One man, one life of fungi
From the ‘Destroying Angel’ to the kinda creepy gyromitra gigas: Maine’s largest fungi collection.
Amanita virosa looks harmless enough in its little cardboard box, all white and wizened with age. But one bite can kill a full grown man. It’s nicknamed the Destroying Angel. It was one of Dick Homola’s favorites.
“He really liked Amanitas, you’ll see there’s tons of Amanitas in here,” said Seanna Annis, opening box after box of dried-out mushrooms and their fungus cousins in the basement of Hannibal Hamlin hall at the University of Maine.
Eight years ago, Homola, a longtime professor, died and left behind the state’s largest collection of fungi.
Throughout his career, Homola walked all over the woods in Maine and other New England states with his eyes peeled, looking for fungi, and kept detailed journals. He dug up his first sample in July 1973. He dug up the last – no. 10,771 – in August 1998.
“I think he just really found them a fascinating group. They’re a very complicated group because they change colors and sizes and shapes. The fact, too, that they only show up for a really short period of time…
“You have to collect them when they’re really fresh and in good shape to really be able to identify them well,” Annis said. “I can understand. They’re beautiful. Fungi are just gorgeous.”
Annis, a mycology professor and curator of Homola’s pieces, is a fan of the weird-looking ones. (Mycology is the study of fungi.)
She pulled out a big, brown gyromitra gigas, shriveled like a brain, and marveled, “Now isn’t that great?”
“Look at that, it’s like an alien being,” she said.
For 25 years, Homola collected mushroom-related fungi to study the subtle difference in caps, stems and gills and find out how different samples were related. He archived approximately 30,000 photos of each fungus at its colorful peek and discovered a couple new species along the way.
He was working on a big book on mushroom identification when he died.
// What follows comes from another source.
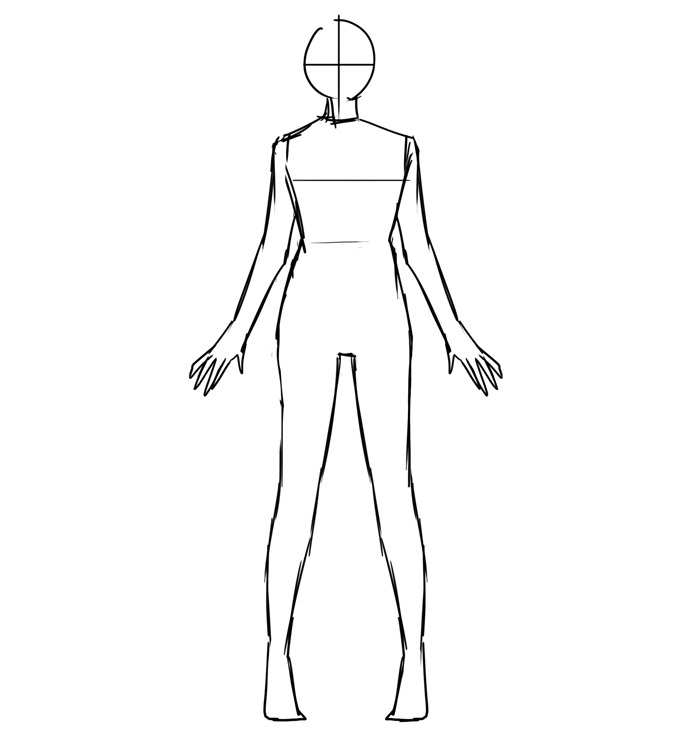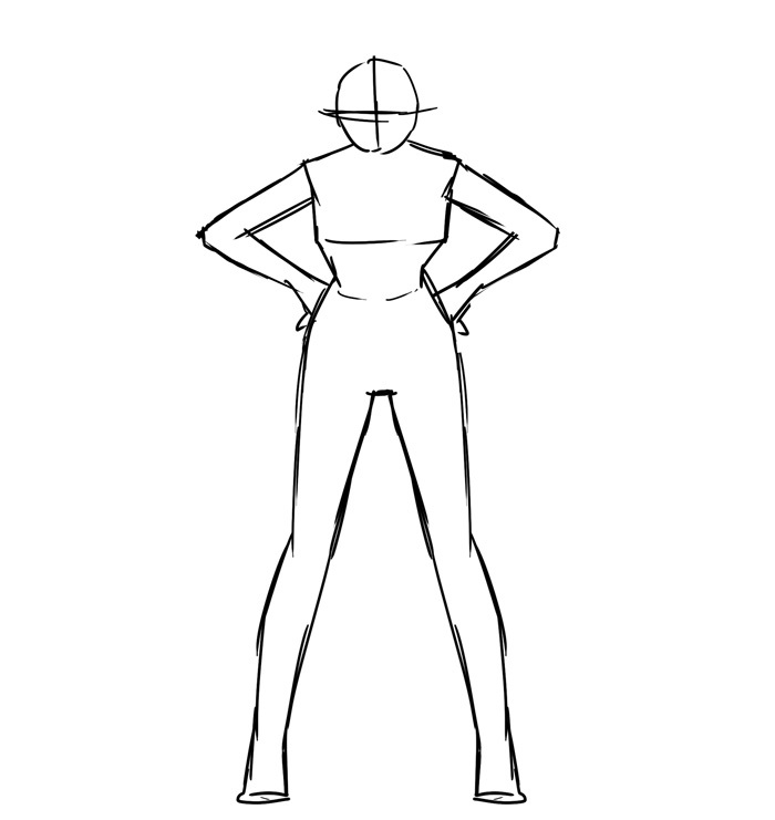 首先,画出基本的正面全身和站立姿势。生活取决于你。这一次,我让它接近现实生活。

“Unfortunately, it wasn’t far enough along,” Annis said. “There’s a whole pile he didn’t get a chance to stick into his collection before he died. Unfortunately, I don’t even know half the names of some of these things.”
Homola used to lead walks of amateur fungi fans and field lots of calls from the poison control center. He was a go-to “My child just ate this, is he going to get sick?” guy.
His collection still helps other researchers. It’s tucked away in eight large cabinets, behind a door marked University of Maine Herbarium: Fungi, where bugs and unwanted fungus can’t intrude.